Using laplace transforms to solve integrals

[JBrandonS]

Homework Statement

$\int_0^\infty \frac{a}{a^2+x^2} dx$

Homework Equations

All the basic integration techniques.

The Attempt at a Solution

So, I saw this problem and wanted to try it using a different method then substitution, which can obviously solve it pretty easy. Since it is a very clear laplace transform I figured I could easily use that but I am getting the wrong answer. Here is what I do:

$\int_0^\infty \frac{a}{a^2+x^2} dx = \int_0^\infty dx \int_0^\infty e^{-a t}Cos(x t) dt = \int_0^\infty e^{-a t} \int_0^\infty Cos(x t) dx dt= \int_0^\infty \pi e^{-a t} \delta(t) dt = \pi (1 - \theta(x))$The correct answer is:
$\frac{\pi}{2}$ iff a > 0
0 iff a = 0
$-\frac{\pi}{2}$ iff a < 0

 

[jfizzix]

I don't think
\int_0^\infty e^{-a t} \int_0^\infty Cos(x t) dx dt
when the x-integral is taken has a proper value, since the integral doesn't really converge. By changing how you take that integral, you could get a positive, negative, or zero result.

It's an interesting idea, though.

 

[JBrandonS]

I don't think
\int_0^\infty e^{-a t} \int_0^\infty Cos(x t) dx dt
when the x-integral is taken has a proper value, since the integral doesn't really converge.
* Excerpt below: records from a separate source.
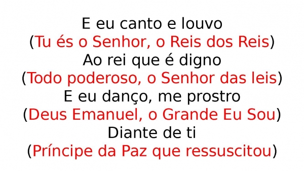 - E eu canto e louvo(Tu és o Senhor, o Reis dos Reis)Ao rei que é digno(Todo poderoso, o Senhor das leis)E eu danço, me prostro(Deus Emanuel, o Grande Eu Sou)Diante de ti(Príncipe da Paz que ressuscitou)
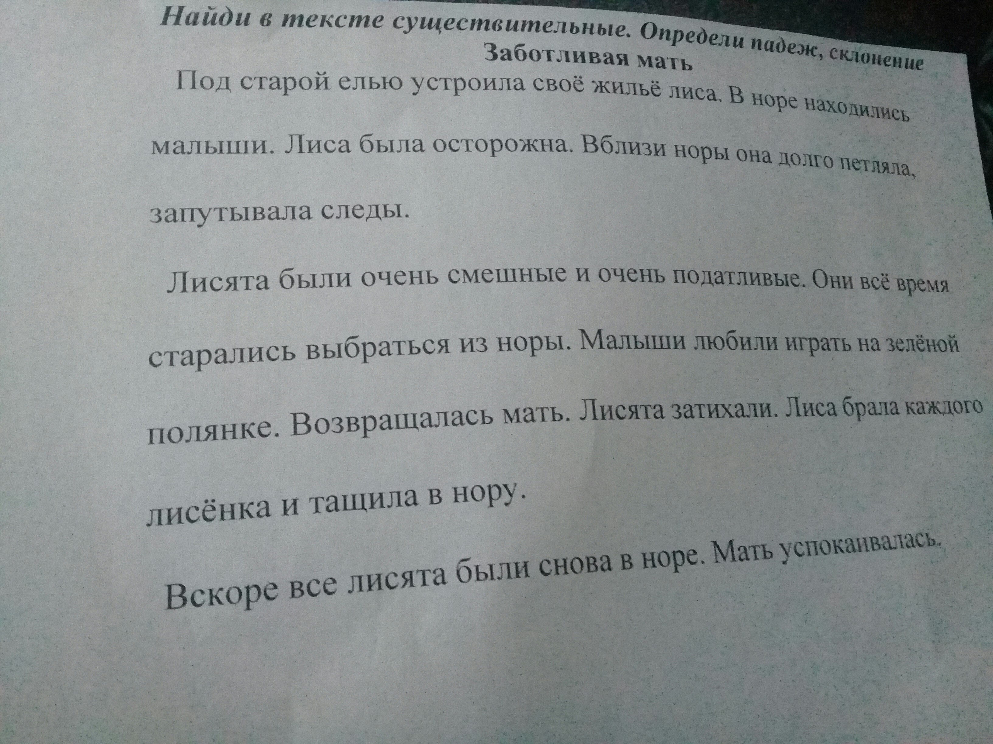 Елью (творительный, 3 скл), жилье (винительный, 2 скл), лиса (именительный, 1 скл), в норе (предложный, 1 скл), малыши (именительный, 2 скл),лиса (именительный,1 скл), норы (родительный, 1 скл), следы (винительный, 2 скл), лисята (именительный, 1 скл), из норы (родительный, 1 скл) , малыши(именительный,2 скл), полянке(предложный,1 скл), мать (именительный, 3 скл), лиса (именительный,1 скл),лисята (именительный, 1 скл), лиса(именительный, 1 скл), лисёнка (винительный, 2 скл), в нору (винительный, 1 скл), лисята (именительный, 1 скл), в норе (предложный, 1 скл), мать именительный, 3 скл)
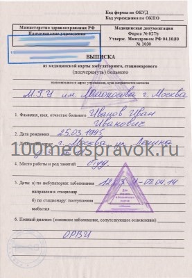 Купить медицинскую справку о болезни формы 027/у (выписка из истории болезни) с доставкой в любой город
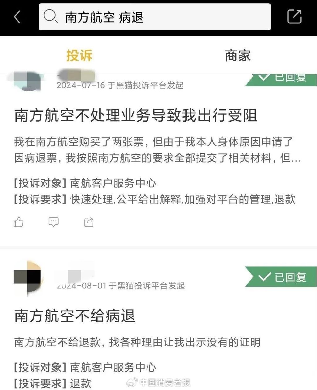 记者查询发现,在黑猫投诉平台,有272宗消费者投诉涉及南航办理病退机票审核慢、客服不专业、病退申请无法撤回修改等。
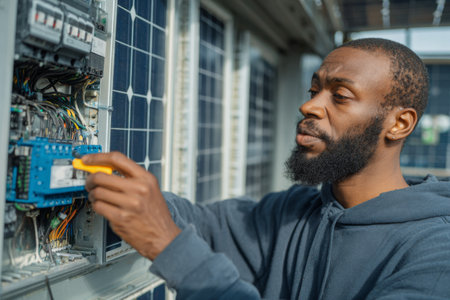 A skilled electrician is carefully connecting wires to a control panel in a solar energy facility.
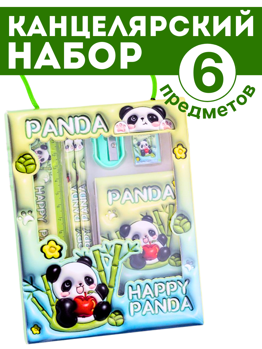 Канцелярский набор для девочек и мальчиков 6 предметов, панда информация:
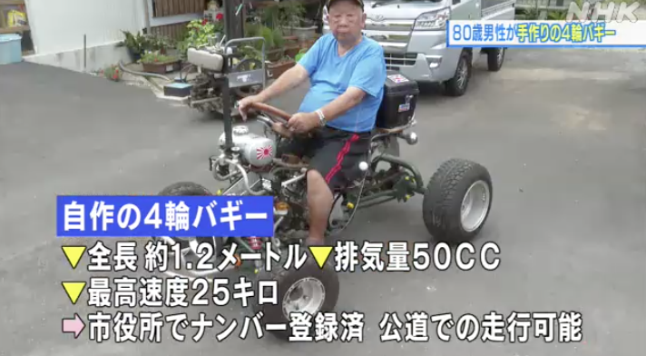 おととし、知人のバギーを見たのがきっかけで創作意欲が湧き、去年の秋から取りかかり、ことしの春に完成させました。年齢と安全を考えて自宅の敷地内や近くを走るのにとどめていますが、通りがかった人に写真を撮られることもあるということです。
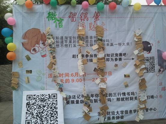 6月5日, 信息学院社管中心与电子商务协会联合举办了主题为“微智织梦,信扬财大”的趣味知识挑战赛。
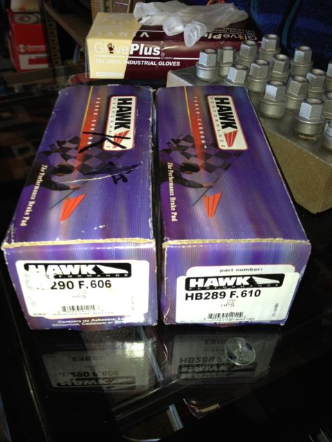 Hawk HPS brake pads. Front & Rear Full sets Note: These pads DO NOT have the holes for brake pad sensor wires. Would be perfect for racing setup... (No brake sensors) Front - HB289F.610HB289F.610 Hawk HPS Performance Street Brake Pads Fits:
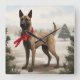 Relógio Quadrado Cachorro Malinois belga no Natal da neve
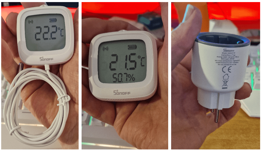 Next: The Sonoff SNZB-02LD and SNZB-02WD. The former has an external sensor (waterproof stainless with a Dallas chip hence supporting temperature only – the latter does temperature and humidity. Both look substancial and waterproof and use a CR2477 battery. Both come with a lanyard.
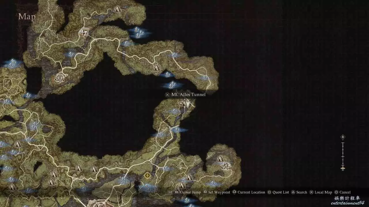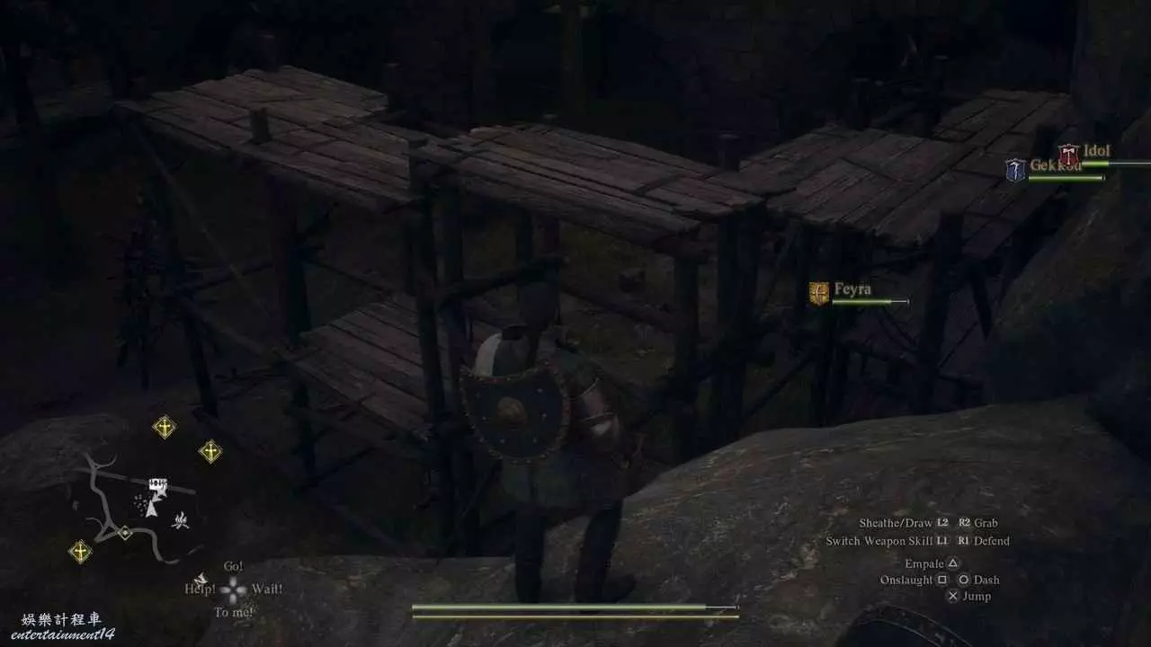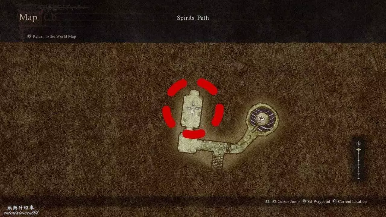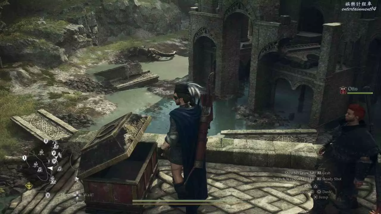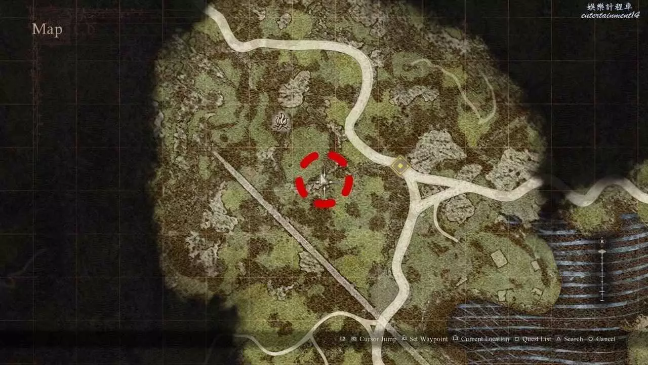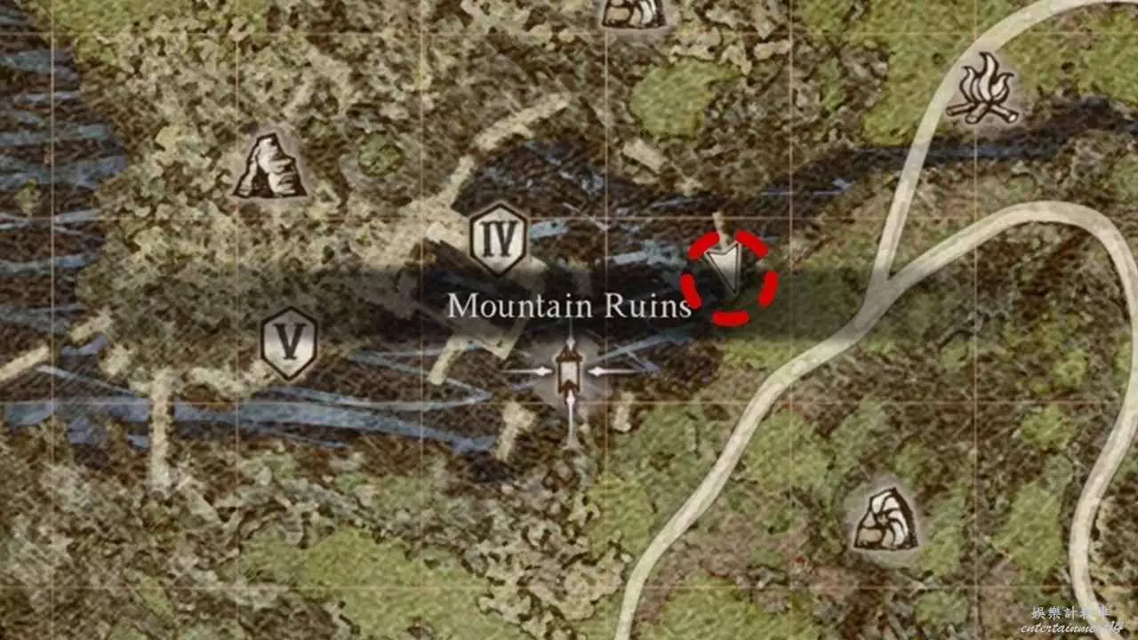 前往山中廢墟,跳到右側的廢墟平臺上。

By changing how you take that integral, you could get a positive, negative, or zero result.

It's an interesting idea, though.

Well, the dirac delta function is defined as $\delta(a) = 1/\pi \int_0^\infty cos(a x) dx$ So you use that to say that $\int_0^\infty cos(a x) dx = \pi \delta(a)$ and as you said this turns it into a piecewise function with a <0, a = 0, and a >0.

Having talked to some other people it seems that the delta function mucks this equation up and makes it so I cannot switch the terms of integration (or w/e the dxdt is called) which is something I didn't know about.

 

[Mandelbroth]

Well, the dirac delta function is defined as $\delta(a) = 1/\pi \int_0^\infty cos(a x) dx$ So you use that to say that $\int_0^\infty cos(a x) dx = \pi \delta(a)$ and as you said this turns it into a piecewise function with a <0, a = 0, and a >0.

Having talked to some other people it seems that the delta function mucks this equation up and makes it so I cannot switch the terms of integration (or w/e the dxdt is called) which is something I didn't know about.

I don't know how you got that definition of the Dirac delta distribution. I get the feeling it's wrong, mostly because the integral doesn't converge.

 

[JBrandonS]

I don't know how you got that definition of the Dirac delta distribution. I get the feeling it's wrong, mostly because the integral doesn't converge.

Initially it was brought in the notes of Feynman's numerical methods class that $\int_0^\infty cos(b x) dx = \pi \delta(b)$ I was unable to locate the original link I used to download the file so I uploaded it here. That equality is first given on page 16 of the pdf (labeled as page 14 in the pdf).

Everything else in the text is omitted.